Before we start

Update your repository using git fetch and git pull.

Environment Modules

Often there are situations where it is desirable to have more than one implementation or version of a software package installed on a cluster or computer. The Lmod Environment Modules package facilitates this as it gives users a way to quickly change from one version to another.

To see what modules are available:

module avail
To see what modules are currently loaded:
module list
To use the module openmpi you would load it with the command
module load openmpi
Later, if you wanted to use MPICH, a different implementation of MPI, you can load it with
module load mpich
This will replace the MPI module that is already loaded since only one MPI implementation can be active at a time.

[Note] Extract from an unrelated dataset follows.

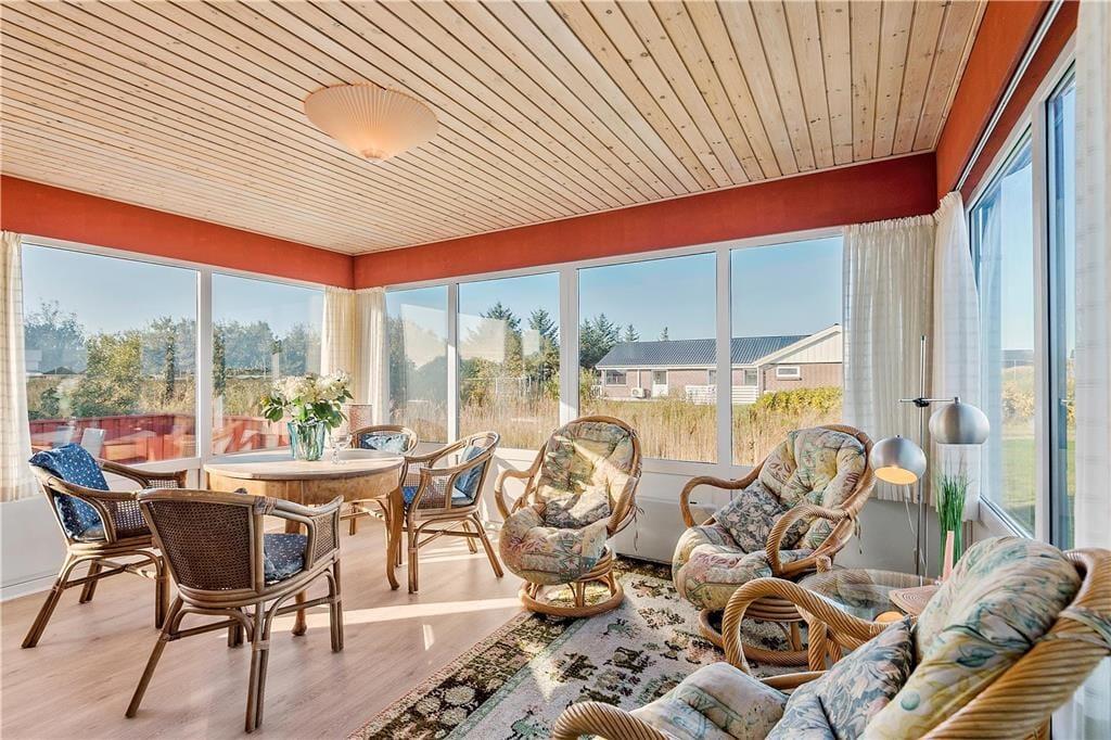 Der er masser af gode opholdssteder både ude og inde i dette dejlige sommerhus: På kølige aftner kan I hygge jer med brætspil og film i stuen, mens terrassen er perfekt til solbadning og sommerlige grillmiddage. Og så har I endda en perfekt mellemstation i form af en dejlig udestue, hvor I kan nyde det flotte lysindfald og de grønne omgivelser.

You can type man module or module help for more information. Here is list of the most common commands:

module availdisplay available modules
module listlist currently installed modules
module load <module name>load specified module
module unload <module name>unload specified module
module helpdisplay help information for the module command
module help <module name>display help for specified module
module whatis <module name>display one-line description of specified module

Setting Up Default Modules

Type module list to see what modules are currently loaded. Be sure that gcc/native is loaded; if it's note then type module load gcc/native; module save.

Modules automatically handle some dependencies

Type module unload openmpi mpich; module load hdf5 to make sure that the HDF5 module is loaded but no MPI module is loaded. Confirm that this is the case by typing module list. The HDF5 module currently loaded is designed for using with single or multithreaded programs, but not MPI programs.

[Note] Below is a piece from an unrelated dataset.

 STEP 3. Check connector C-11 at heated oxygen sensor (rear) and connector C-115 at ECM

To confirm this, type module avail and notice that in the section headed by /shared/modulefiles/Compilers/gcc/native you will see (L,D) next to the HDF5 module. The L means the module is currently loaded and the D means this it is the default HDF5 module to load if no module version is specified.

Now type module load openmpi and notice that you have message saying that the HDF5 module has been reloaded. Type module avail and notice that now there is a new section headed by something like /shared/modulefiles/MPI/gcc/native/openmpi/4.0.2 and that it now contains the loaded, default HDF5 module.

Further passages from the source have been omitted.